WORK INSTRUCTIONS ▸
Retype the data below verbatim; pictures do not belong in the copy.

DATA TO USE ▸
◇ ◇ ◇ ◇
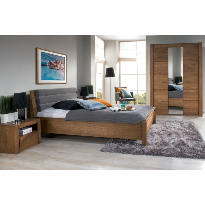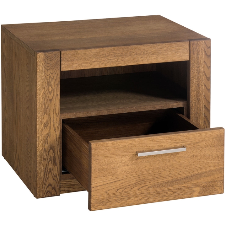 Its dimensions are 54 cm wide, 42 cm high and 42 cm deep, which makes it a perfect addition to any bedroom. The front was made of solid oak wood with brushed elements, giving the surface elegance and a unique character. The carcass consists of furniture board in natural oak veneer, which emphasises the natural style of the furniture.
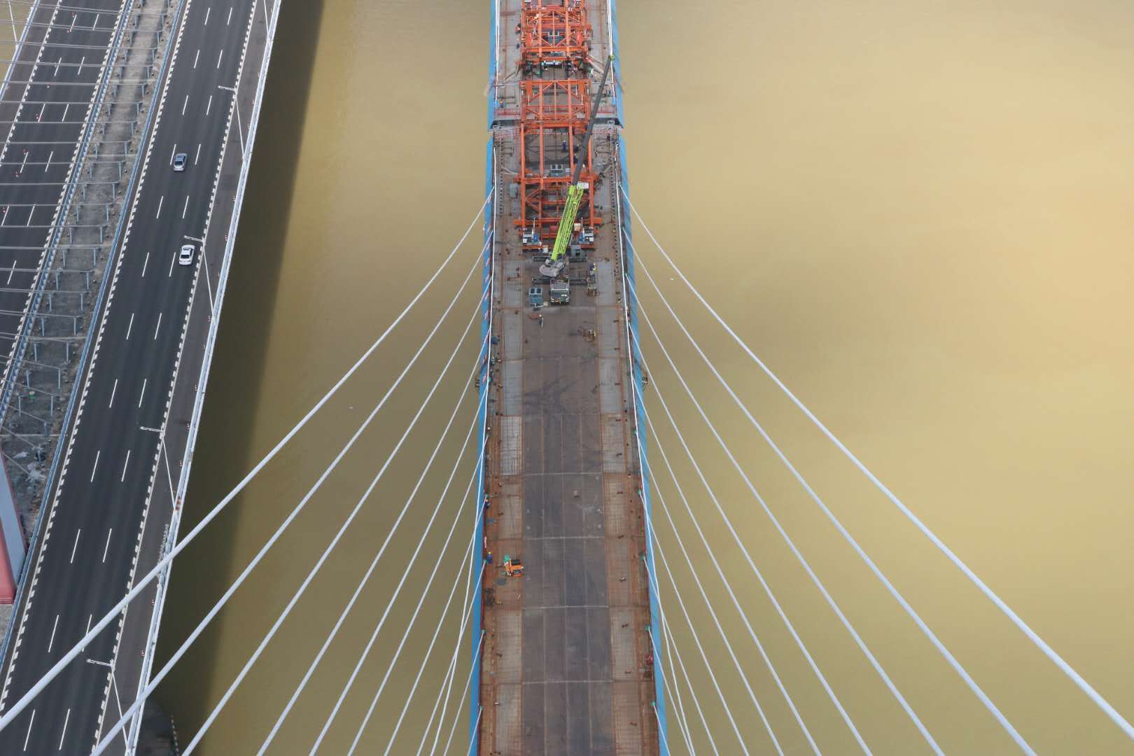 7月22日,由中铁十一局承建的粤港澳大湾区基础设施“硬联通”重点工程——广州南沙港铁路跨西江斜拉桥完成最后一组斜拉索挂设,为下一步大桥合龙奠定坚实基础。挂设好的缆索,犹如一根根白色琴弦,飞扬在滔滔江面,奏出华美乐章。
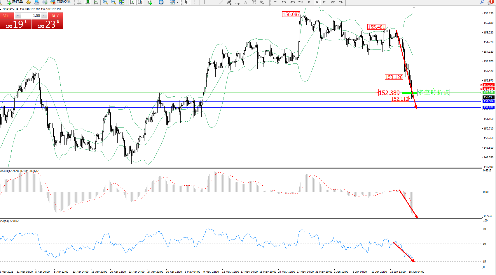 技术点评:高位空头动力延续布林带指标通道下轨附近强势下挫,跌破下轨后不断向下移动中,抵达152.112附近开始整理,但下行趋势态势良好,跌势未能有止步迹象,布林带指标呈张口走势持续中,MACD指标处于0轴线下方空头区域不断向下移动,RSI指标处于50均衡线下方空头区域维持震荡下挫中;
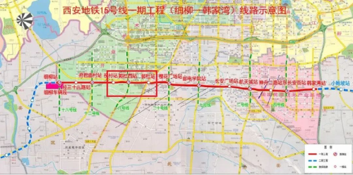 中国二冶承建的西安地铁15号线一期承建范围为:祝村站(含)-邮电学院站(含)、长安广场站、区间维保工程,是主城区南部横切线,主要承担鄂邑区、高新区、长安区、航天基地等区域居民的出行及进入秦岭生态风光带的旅游客流,属于骨干线路。
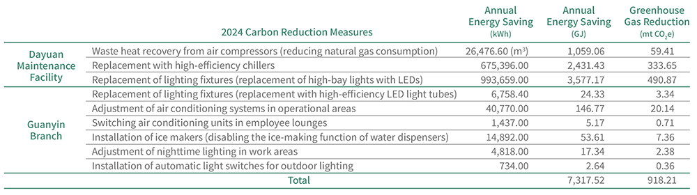 Note 3: Since the 2024 electricity emission factor had not been announced at the time of conducting the 2024 GHG inventory, EGAT applied the 2023 emission factor of 0.494 kgCO₂e/kWh as the inventory standard. The 2023 inventory was also evaluated using the 2023 electricity emission factor of 0.494 kgCO₂e/kWh. In 2022, Guanyin Branch referenced the Energy Policy and Planning Office’s announcement of the 2021 electricity emission factor of 0.509 kgCO₂e/kWh, while Dayuan Maintenance Facility referenced the 2022 electricity emission factor announcement of 0.495 kgCO₂e/kWh. This was because, when conducting the 2022 greenhouse gas inventory, the 2022 electricity emission factor had not yet been published, so the 2021 factor was used as the inventory standard.
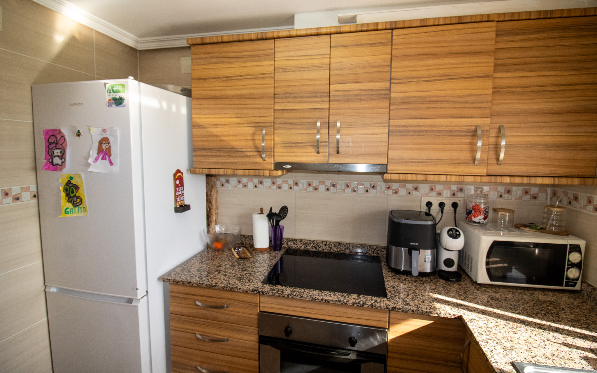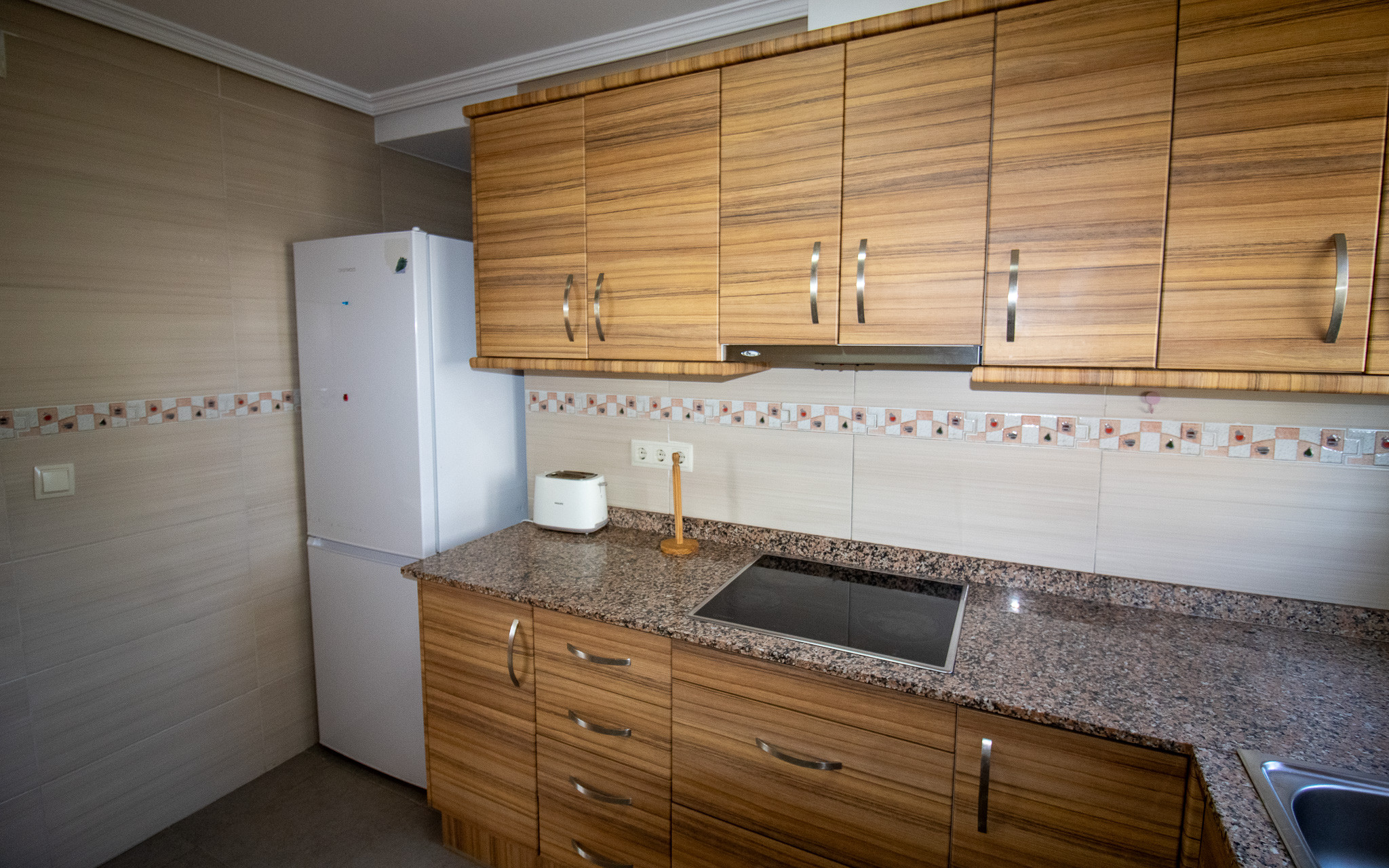In the hotplate of glass ceramics independent kitchen, refrigerator, microwave, oven, freezer, dishes/cutlery, kitchen utensils, coffee machine and toaster are provided.
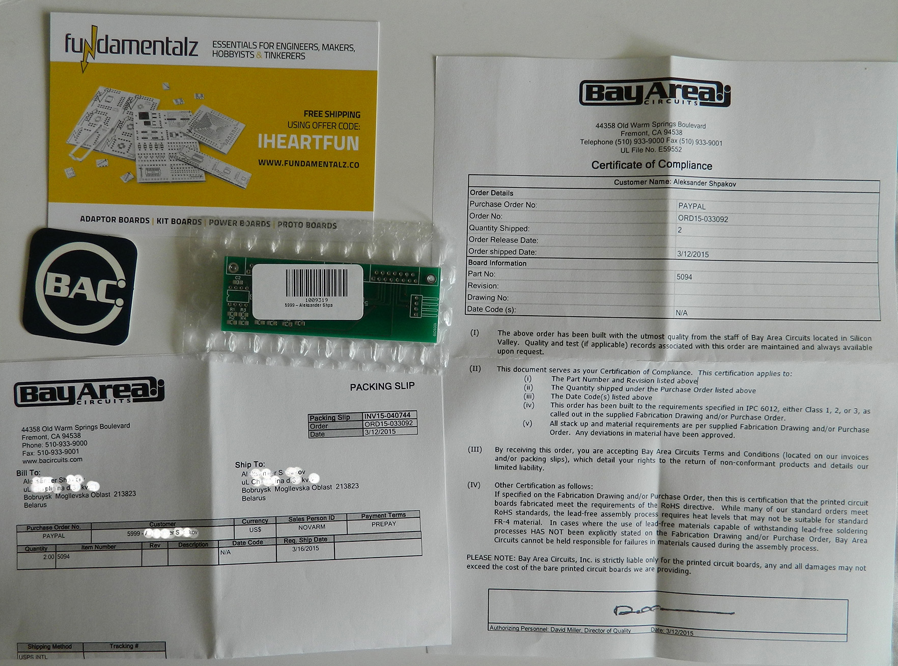 Заказывал чисто для интереса. Ради процесса. Развел в DipTrace и там же нажал заказать. И вот результат. По заказу должны были изготовить 2 шт. (минимальное количество), а выслали почему-то аж четыре.
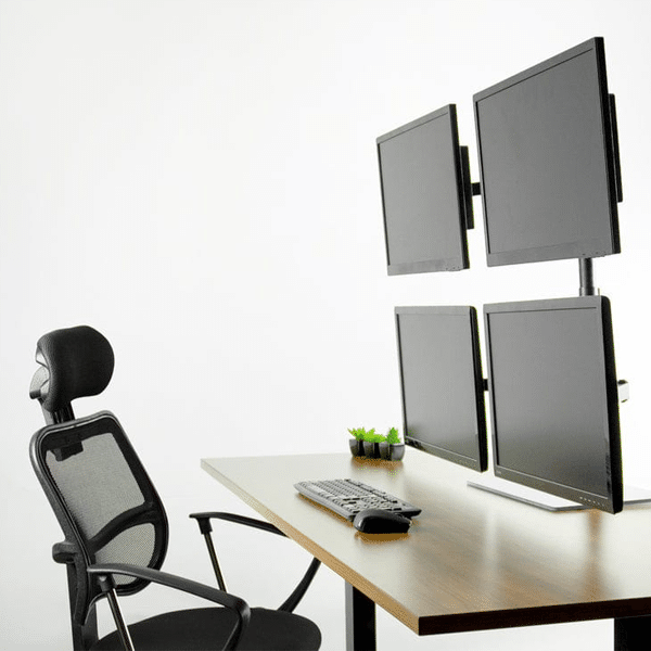 La stabilité du support 4 ecran pour bureau YGMSC-04L est conçue spécifiquement pour supporter quatre écrans de 32 pouces en configuration portrait sans compromis. La base élargie de 35cm de diamètre et le système de contrepoids intégré compensent automatiquement la répartition des masses. Les matériaux en acier renforcé et les points d’articulation surdimensionnés éliminent toute vibration ou oscillation, même lors de frappe intensive au clavier ou manipulation des écrans. Cette stabilité est certifiée par les tests TÜV européens inclus dans notre garantie fabricant.
◇ ◇ ◇ ◇
EXPECTED ANSWER ▸
 Its dimensions are 54 cm wide, 42 cm high and 42 cm deep, which makes it a perfect addition to any bedroom. The front was made of solid oak wood with brushed elements, giving the surface elegance and a unique character. The carcass consists of furniture board in natural oak veneer, which emphasises the natural style of the furniture.
 7月22日,由中铁十一局承建的粤港澳大湾区基础设施“硬联通”重点工程——广州南沙港铁路跨西江斜拉桥完成最后一组斜拉索挂设,为下一步大桥合龙奠定坚实基础。挂设好的缆索,犹如一根根白色琴弦,飞扬在滔滔江面,奏出华美乐章。
 技术点评:高位空头动力延续布林带指标通道下轨附近强势下挫,跌破下轨后不断向下移动中,抵达152.112附近开始整理,但下行趋势态势良好,跌势未能有止步迹象,布林带指标呈张口走势持续中,MACD指标处于0轴线下方空头区域不断向下移动,RSI指标处于50均衡线下方空头区域维持震荡下挫中;
 中国二冶承建的西安地铁15号线一期承建范围为:祝村站(含)-邮电学院站(含)、长安广场站、区间维保工程,是主城区南部横切线,主要承担鄂邑区、高新区、长安区、航天基地等区域居民的出行及进入秦岭生态风光带的旅游客流,属于骨干线路。
 Note 3: Since the 2024 electricity emission factor had not been announced at the time of conducting the 2024 GHG inventory, EGAT applied the 2023 emission factor of 0.494 kgCO₂e/kWh as the inventory standard. The 2023 inventory was also evaluated using the 2023 electricity emission factor of 0.494 kgCO₂e/kWh. In 2022, Guanyin Branch referenced the Energy Policy and Planning Office’s announcement of the 2021 electricity emission factor of 0.509 kgCO₂e/kWh, while Dayuan Maintenance Facility referenced the 2022 electricity emission factor announcement of 0.495 kgCO₂e/kWh. This was because, when conducting the 2022 greenhouse gas inventory, the 2022 electricity emission factor had not yet been published, so the 2021 factor was used as the inventory standard.
In the hotplate of glass ceramics independent kitchen, refrigerator, microwave, oven, freezer, dishes/cutlery, kitchen utensils, coffee machine and toaster are provided.
 Заказывал чисто для интереса. Ради процесса. Развел в DipTrace и там же нажал заказать. И вот результат. По заказу должны были изготовить 2 шт. (минимальное количество), а выслали почему-то аж четыре.
 La stabilité du support 4 ecran pour bureau YGMSC-04L est conçue spécifiquement pour supporter quatre écrans de 32 pouces en configuration portrait sans compromis. La base élargie de 35cm de diamètre et le système de contrepoids intégré compensent automatiquement la répartition des masses. Les matériaux en acier renforcé et les points d’articulation surdimensionnés éliminent toute vibration ou oscillation, même lors de frappe intensive au clavier ou manipulation des écrans. Cette stabilité est certifiée par les tests TÜV européens inclus dans notre garantie fabricant.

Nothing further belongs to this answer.